Как раз эти вопросы и вызывали у нее какое-то едва уловимое внутреннее сопротивление. Что это? Почему?
Так я думала, сидя в машине с потушенными фарами, медленным ходом пробирающейся по затемненным улицам.
Мостовая пригорода вся завалена сугробами. Дальше я пошла пешком. Деревья, распушившиеся снежными подушками, укрывают дом не дом, сарай не сарай. Но в оконце свет, и скрипит ступенька под чьей-то ногой. Звеня пустыми ведрами, старуха с коромыслом на плече шагает бодро, ровно молодка, к колонке по воду. Я спросила на всякий случай:
— Чего же молодую не пошлете?
— Женьку-то? — ответила старуха без удивления. — Не время ей.
Я удивилась, шагнула в незапертую дверь. Постучала. Мне ответил голос Жени, только он показался мне каким-то приглушённым, мягким:
— Кто там? Войдите.
Я вошла. В комнате было тепло. Жаром несло от печки. На столе, покрытом белой скатертью, горела настольная лампа, закрытая книгой, чтобы свет не бил в глаза.
На кровати, поставив маленькие крепкие ноги в одних чулках на скамеечку, сидела Женя.
Она кормила грудью ребенка.
Что здесь началось! Что за шум она подняла! Как она на меня кричала!
— Вы меня выследили! Теперь вы меня не отправите! Все только говорят о том, что священно имя матери! А на деле что! На фронт не пускают! Как будто я недостойна!
Я никак не могла ее успокоить.
И она рассказала мне все. Да и не было тут никакой страшной тайны.
Отец ее ребенка, тоже студент, ушел на фронт. Сначала были письма, потом только тревожное молчание. Они не успели оформить свой брак и меньше всего думали об этом. И вот — девочка, дочка.
— Неужели никто не знал?
— Никто. Я с самого начала решила, что буду проситься на фронт. Потом, когда немцы забрали Солнцегорск, решила иначе: в тыл врага. Я знала, что, если скажу про ребенка, все рухнет.

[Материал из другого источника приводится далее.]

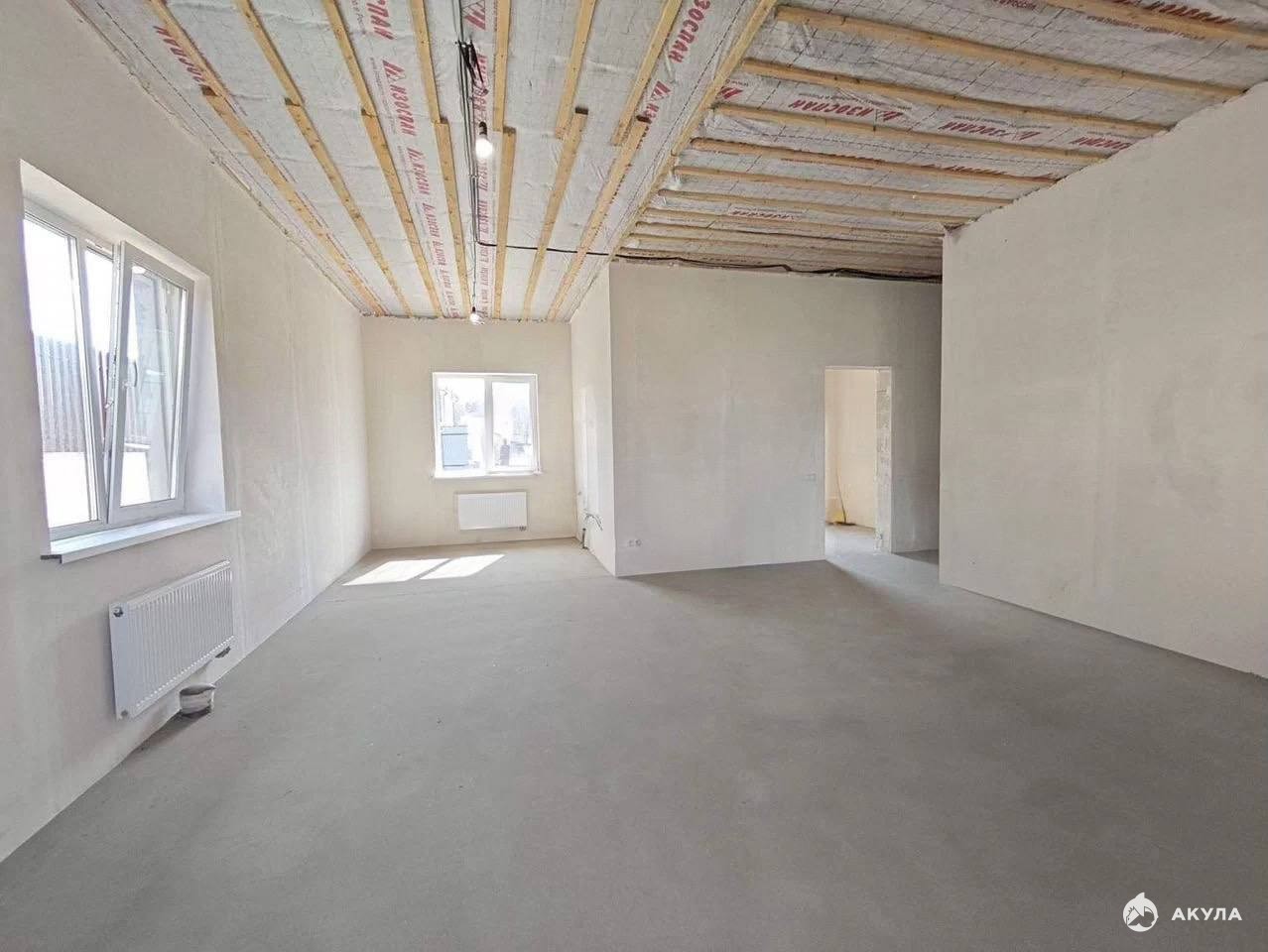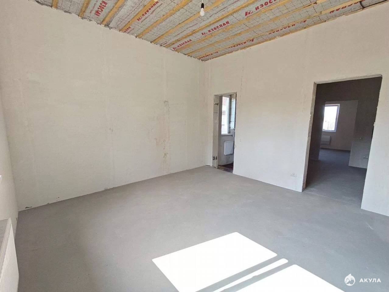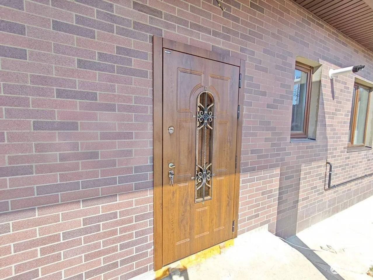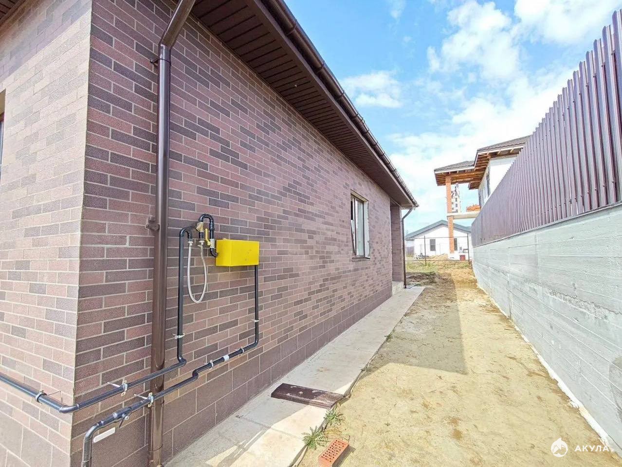 Дом построен из газосиликатных блоков с облицовкой клинкерным кирпичом, кровля — мягкая черепица. Выполнена отделка white box: тёплые водяные полы, стяжка, все коммуникации подключены, установлен газовый котёл. Пространство полностью готово к финишной отделке по вашему вкусу.
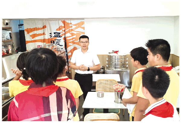 在社区民生食堂里,秀峰区全过程人民民主实践基地相关负责人向师生们介绍食堂建设由来。
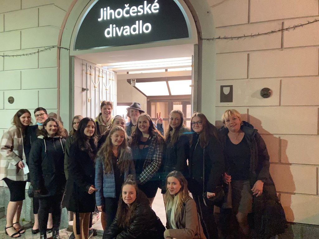 Pravidelně navštěvujeme s našimi žáky Jihočeské divadlo. V tomto školním roce jsme viděli představení Návrat krále Šumnavy, Caffé Croll a Zavolejte Jewesse.

— На кого же думали его оставить?
Она заметила, конечно, что я сказала «думали», а не «думаете», упрямо качнула головой:
— Тысячи детей растут в яслях и в детских домах.

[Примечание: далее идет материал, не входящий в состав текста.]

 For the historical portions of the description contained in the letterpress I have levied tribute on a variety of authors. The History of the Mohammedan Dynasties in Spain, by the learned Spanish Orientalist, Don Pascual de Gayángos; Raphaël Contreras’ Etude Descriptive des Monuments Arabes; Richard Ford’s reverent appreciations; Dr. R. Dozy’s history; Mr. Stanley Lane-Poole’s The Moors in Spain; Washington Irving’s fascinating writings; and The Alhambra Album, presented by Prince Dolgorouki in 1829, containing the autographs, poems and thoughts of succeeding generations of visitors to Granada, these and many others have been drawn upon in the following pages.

Это была святая правда. Я сама выросла в детском доме. И мои родители оставили меня, уходя на фронт гражданской войны. Разве я когда-нибудь брошу тень на их память за то, что они так поступили?
Я сказала, что должна доложить начальству «новое обстоятельство» — эти слова не очень подходили к грудному ребенку, но других я не нашла. И что я буду настаивать на прежнем решении.

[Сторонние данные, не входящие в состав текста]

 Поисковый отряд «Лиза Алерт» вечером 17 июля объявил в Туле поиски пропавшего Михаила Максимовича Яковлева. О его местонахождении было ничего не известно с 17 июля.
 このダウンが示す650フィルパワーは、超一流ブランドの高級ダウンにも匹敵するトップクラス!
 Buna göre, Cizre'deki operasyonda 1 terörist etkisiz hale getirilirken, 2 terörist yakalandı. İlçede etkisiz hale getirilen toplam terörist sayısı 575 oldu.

Я сдержала свое обещание. Захар Иванович, выслушав меня, высоко поднял брови.
— Ты что, матушка, в уме? Пусть дома сидит, сына нянчит, стране нужны мужчины.
— У нее дочка.
— Гм... Ну, все равно.
Я повернулась кругом и вышла. На следующий день я пришла снова. Положила на стол справку, в которой заманчиво излагались все возможные варианты насчет Жени. Генерал пробежал глазами справку и спросил:
— А дитё на помойку?
— В ясли.
— Война идет. В яслях тоже не сахар. Я подумаю.
...Я провожала ее на аэродроме. Женя была очень бледна и очень спокойна.
Много позже нам радировали, что она удачно связалась с нашим человеком, осела в Солнцегорске.
Я читала первое ее донесение, подписанное «Жанна». Потом я уехала на фронт и потеряла ее из виду.
Иногда из Центра после деловых сообщений передавали несколько слов о дочке Жанны. Изредка от Жанны приходили курьеры с донесениями, которые Дзитиев докладывал Деду в той части, где речь шла о концентрации и передвижении войск.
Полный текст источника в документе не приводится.